Thank you for your responses. Considering together the other reviews and responses, my score is confirmed.

审稿意见
6

This paper analyzes the temporal information in SNNs and establishes its relationship with the membrane decay constant and the number of time-steps. Then the authors propose a novel approach to combine rate and temproal information in SNNs, leveraging it to generate effective gradients for attacking SNNs. The experimental results demonstrate the proposed method achieve the SOTA attack success rate.

优点

  1. This paper is well-written.
  2. The idea of combining rate and temporal information in SNNs is highly noteworthy. The temporal information in SNNs has not been fully utilized in the current model.
  3. The work is solid. The authors provide a rigorous theoretical analysis of the retention degree of temporal information in SNNs and showcase the influencing factors involved.

缺点

  1. My main concern is about equation 8. I find it hard to derive equation 8 by combining equations 1 and 2. I am wondering about the absence of the threshold in equation 8. The authors should clarify why the threshold is not included in equation 8.
  2. The authors primarily focus on demonstrating how the combination of rate temporal information can enhance the attack of SNNs. How about defense? Can the proposed method also be used to improve the robustness of SNNs.

问题

Refer to the weaknesses above. Please provide a more comprehensive explanation of Figure 2(c).

评论

To Reviewer w1gJ

Thanks for your insightful and constructive feedback! We are encouraged that you find our paper novel, solid, well-written and highly noteworthy, as well as providing a rigorous theoretical analysis. We would like to address your concerns and your questions in the following.

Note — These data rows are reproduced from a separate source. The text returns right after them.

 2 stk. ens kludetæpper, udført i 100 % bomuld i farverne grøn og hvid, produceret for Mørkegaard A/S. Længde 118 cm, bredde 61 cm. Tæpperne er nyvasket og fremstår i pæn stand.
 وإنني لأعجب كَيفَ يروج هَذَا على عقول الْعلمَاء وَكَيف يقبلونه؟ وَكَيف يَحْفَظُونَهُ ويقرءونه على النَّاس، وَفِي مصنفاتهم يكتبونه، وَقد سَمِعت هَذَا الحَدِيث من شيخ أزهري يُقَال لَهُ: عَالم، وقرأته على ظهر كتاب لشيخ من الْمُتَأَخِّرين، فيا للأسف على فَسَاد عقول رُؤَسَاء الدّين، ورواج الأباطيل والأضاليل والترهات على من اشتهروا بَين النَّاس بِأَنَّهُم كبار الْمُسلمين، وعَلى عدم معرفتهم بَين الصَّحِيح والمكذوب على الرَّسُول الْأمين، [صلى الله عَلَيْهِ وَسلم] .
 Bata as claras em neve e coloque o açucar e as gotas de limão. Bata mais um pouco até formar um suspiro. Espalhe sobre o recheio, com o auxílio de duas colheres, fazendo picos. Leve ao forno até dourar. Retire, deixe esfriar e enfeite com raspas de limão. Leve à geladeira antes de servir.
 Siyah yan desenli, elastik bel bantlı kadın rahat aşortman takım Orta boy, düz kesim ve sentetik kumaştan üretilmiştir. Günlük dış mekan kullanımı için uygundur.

Q1: I find it hard to derive equation 8 by combining equations 1 and 2. I am wondering about the absence of the threshold in equation 8. The authors should clarify why the threshold is not included in equation 8.

A1: Thanks for pointing it out. To simplify the subsequent mathematical analysis, we actually set θl=1\theta^l=1 here. We have clarified in page 3 and added detailed derivation in the Appendix, Section A.6.

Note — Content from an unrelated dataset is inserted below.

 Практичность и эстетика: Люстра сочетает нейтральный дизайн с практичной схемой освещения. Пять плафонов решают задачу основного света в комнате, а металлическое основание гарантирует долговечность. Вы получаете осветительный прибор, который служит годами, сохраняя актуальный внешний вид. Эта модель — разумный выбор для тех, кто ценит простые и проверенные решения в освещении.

Q2: How about defense? Can the proposed method also be used to improve the robustness of SNNs.

A2: Thanks for your constructive comment! We have explored the use of images perturbed by the HART gradient as adversarial samples to enhance the robustness of SNNs through adversarial training. Our experiments encompass both vanilla SNNs and robust SNNs obtained via HART adversarial training, evaluated under FGSM and PGD attack scenarios with a white-box setting. We employ the attack success rate as our metric and set λ\lambda to 0.9. As depicted in Table R1, our results demonstrate a significant improvement in the defense capability of robust SNNs across various attack scenarios, including BPTR, STBP, and RGA attacks. Notably, during our adversarial training, we did not introduce adversarial samples specifically tailored to these three mentioned attack algorithms. This finding indicates that HART not only enhances the defense capability of SNNs but also exhibits superior generalization ability, making it applicable for defending against a wide range of attack algorithms.

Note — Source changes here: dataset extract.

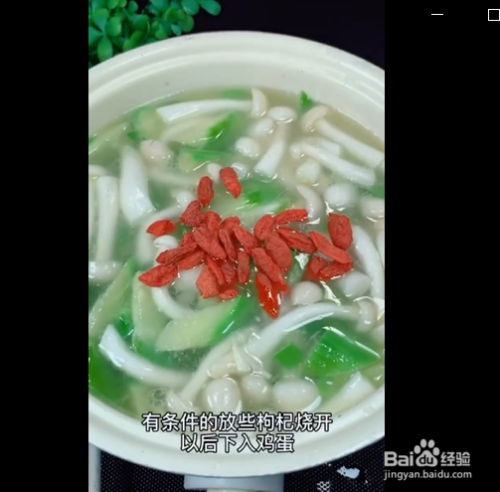 第2步,放入枸杞,水开后下入鸡蛋,加入盐,鸡精调味,丝瓜汤就做好了,你学会了吗?

Table R1: Comparison between the vanilla and robust models on the CIFAR-100 dataset.

DatasetmodelArchitectureattackBPTRBPTTRGA
CIFAR-100vanillaVGG-11FGSM92.4792.8894.72
CIFAR-100robustVGG-11FGSM49.0959.3157.45
CIFAR-100vanillaVGG-11PGD99.5999.8699.92
CIFAR-100robustVGG-11PGD*59.5172.4669.36

* denotes a stronger PGD attack (α=2.55,steps=7\alpha=2.55,\text{steps}=7).

Q3: Please provide a more comprehensive explanation of Fig.2(c)\text{(c)}.

A3: Thank you for your insightful comment! We have made improvements to Fig. 2(c)\text{(c)} in our newly submitted version. In the updated figure, we illustrate the impact of different scales of γ\gamma on the gradient discrepancy. We specifically select three spiking neurons with distinct ml(t)m^l(t) values at the tt-th time-step. It can be observed that as γ\gamma decreases, the discrepancy of surrogate gradients among the spiking neurons increases. Consequently, HART tends to focus on a subset of spiking neurons that fall within a specific membrane potential range at each time-step. This leads to the gradient with enhanced temporal attributes. Conversely, as γ\gamma increases, the gradient discrepancy among the three spiking neurons diminishes, and HART exhibits a more pronounced rate attribute.

审稿意见
8

This paper proposes an adversarial attack method for SNN, which combines both rate and temporal information. Based on detailed analysis and experiments, this work demonstrates the efficiency of the proposed method.

优点

  1. It is interesting to consider both rate and temporal characters in SNN when considering adversarial attack.
  2. Author provide detailed experiment to demonstrate the effectiveness of the proposed framework.

缺点

  1. The theory is hard to follow, it is better to provide an illustration of how to utilize temporal information during BP (as Fig.1)
  2. Does the pruning has negative effect on the gradient computation? I think it is also interesting to discuss whether the proposed gradient computation can be directly applied to SNN training.
  3. It is better to discuss the complexity of gradient computation in HART.
  4. Fig.2(c) is hard to understand. In Fig.2(b), it is not clear the meaning of solid arrows.

问题

Overall, I think this work provide an interesting attack method, and the experiments are well presented. The theory is not easy to follow, please see my comments for detail.

评论

To Reviewer RoZ6

Thanks for your constructive and thoughtful comments! We are encouraged that you find our paper interesting and effective, as well as providing detailed experiments. We would like to address your concerns and your questions in the following.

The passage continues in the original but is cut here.